Material provided: Begin

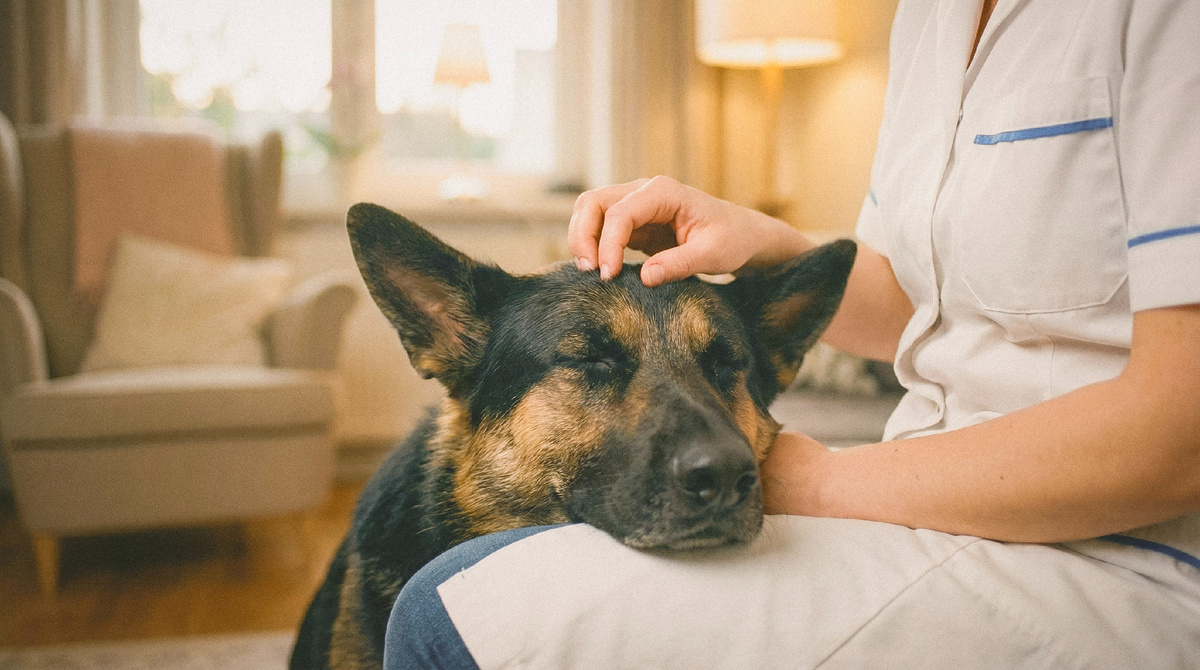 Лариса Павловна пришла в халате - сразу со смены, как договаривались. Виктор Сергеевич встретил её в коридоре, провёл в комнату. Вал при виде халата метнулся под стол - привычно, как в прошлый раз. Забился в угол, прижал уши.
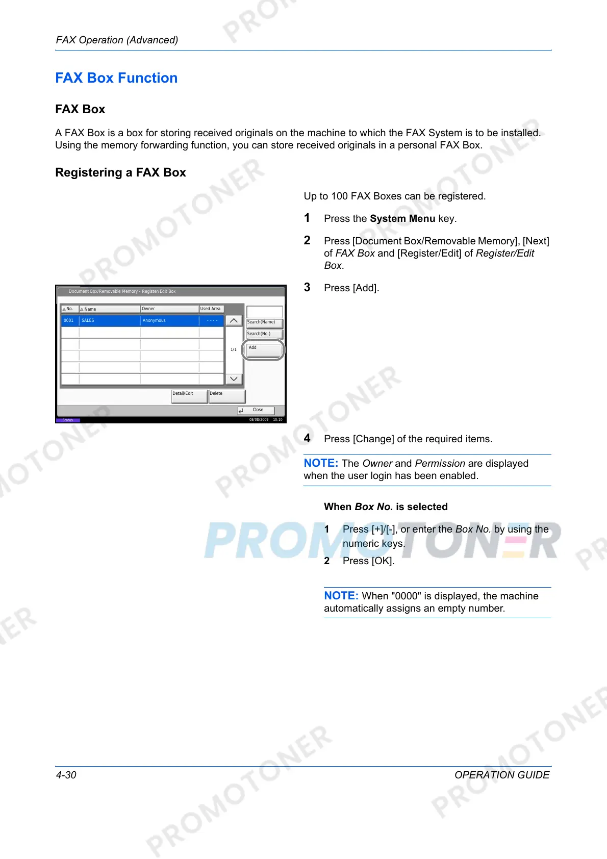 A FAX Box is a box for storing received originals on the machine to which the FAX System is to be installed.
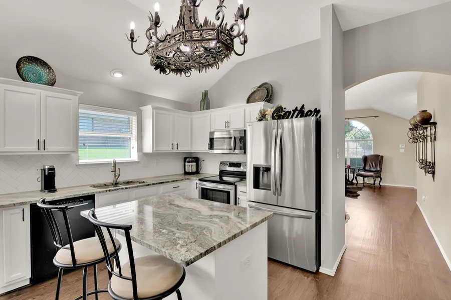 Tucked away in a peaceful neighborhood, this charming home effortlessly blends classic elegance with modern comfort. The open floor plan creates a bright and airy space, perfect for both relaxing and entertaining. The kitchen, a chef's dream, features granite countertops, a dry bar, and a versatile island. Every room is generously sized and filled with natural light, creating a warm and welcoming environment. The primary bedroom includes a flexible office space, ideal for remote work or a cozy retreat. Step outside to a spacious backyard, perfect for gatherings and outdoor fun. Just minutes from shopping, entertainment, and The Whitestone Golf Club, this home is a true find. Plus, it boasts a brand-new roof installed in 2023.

Material provided: End
Material provided: Begin

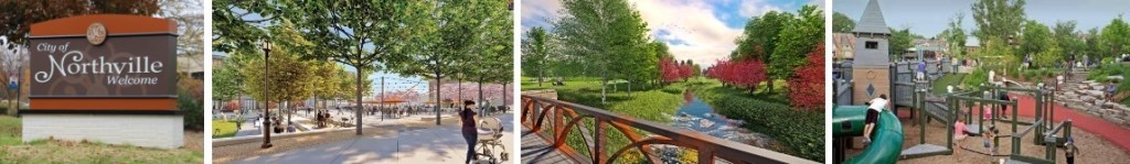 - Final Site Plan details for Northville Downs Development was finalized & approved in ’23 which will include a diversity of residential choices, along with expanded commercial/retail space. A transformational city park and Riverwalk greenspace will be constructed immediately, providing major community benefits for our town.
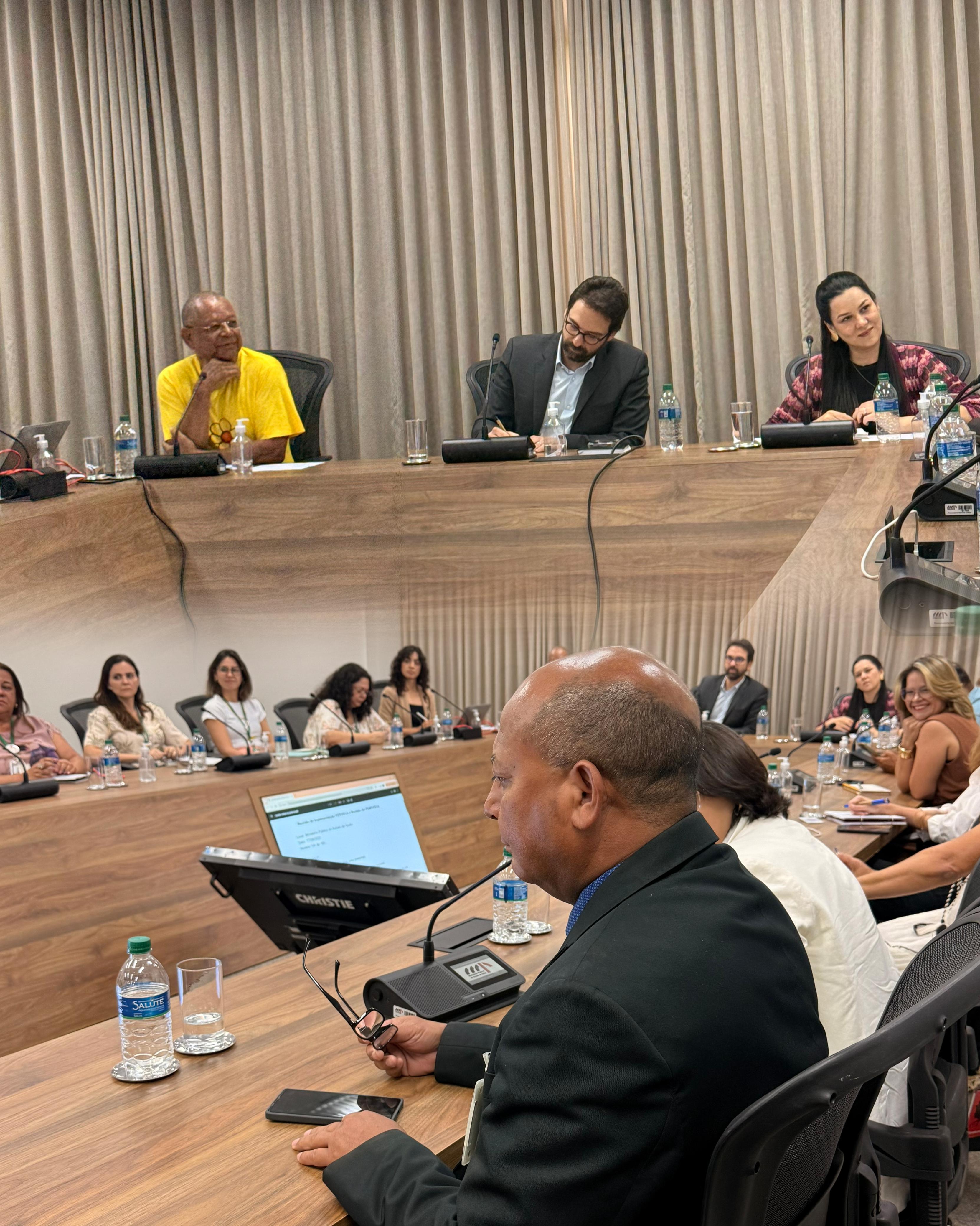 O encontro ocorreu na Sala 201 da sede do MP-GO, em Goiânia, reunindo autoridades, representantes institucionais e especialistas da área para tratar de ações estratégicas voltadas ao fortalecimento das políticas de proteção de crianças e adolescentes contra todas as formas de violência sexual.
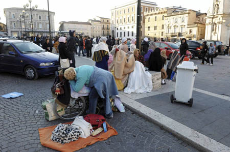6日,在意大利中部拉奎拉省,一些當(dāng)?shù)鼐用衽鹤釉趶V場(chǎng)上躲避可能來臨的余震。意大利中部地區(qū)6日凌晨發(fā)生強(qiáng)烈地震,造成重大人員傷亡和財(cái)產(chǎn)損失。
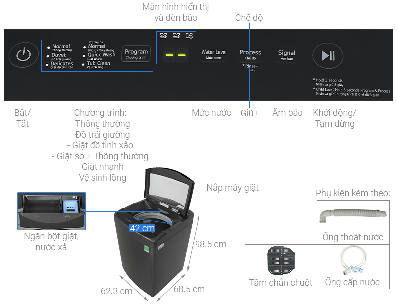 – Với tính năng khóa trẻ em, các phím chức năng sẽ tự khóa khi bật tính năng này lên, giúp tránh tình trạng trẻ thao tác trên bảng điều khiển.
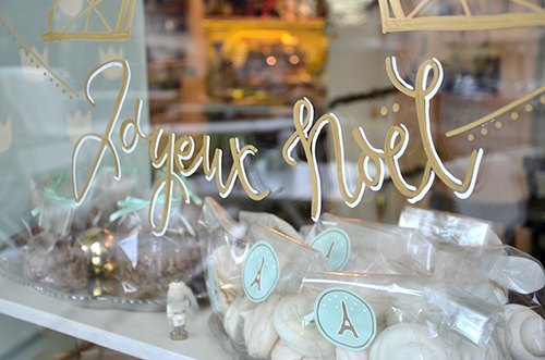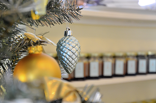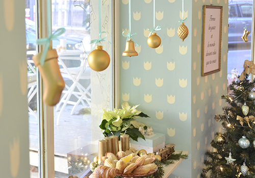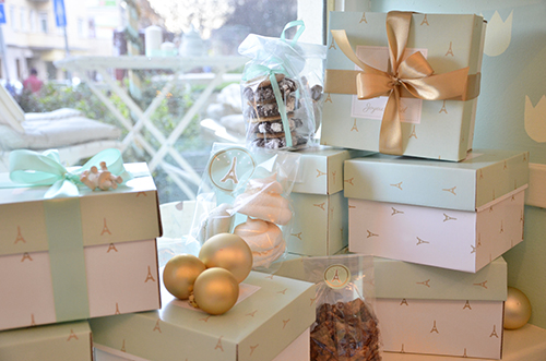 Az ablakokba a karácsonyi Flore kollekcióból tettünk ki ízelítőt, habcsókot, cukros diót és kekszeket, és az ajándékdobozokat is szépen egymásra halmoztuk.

Material provided: End

Each line between the one holding "6日,在意大利中部拉奎拉省,一些當(dā" and the one holding "Az ablakokba a", inclusive, should be copied exactly as it appears above, and pictures should be omitted.

◆ Answer for this exercise ◆
6日,在意大利中部拉奎拉省,一些當(dāng)?shù)鼐用衽鹤釉趶V場(chǎng)上躲避可能來臨的余震。意大利中部地區(qū)6日凌晨發(fā)生強(qiáng)烈地震,造成重大人員傷亡和財(cái)產(chǎn)損失。
 – Với tính năng khóa trẻ em, các phím chức năng sẽ tự khóa khi bật tính năng này lên, giúp tránh tình trạng trẻ thao tác trên bảng điều khiển.
 Az ablakokba a karácsonyi Flore kollekcióból tettünk ki ízelítőt, habcsókot, cukros diót és kekszeket, és az ajándékdobozokat is szépen egymásra halmoztuk.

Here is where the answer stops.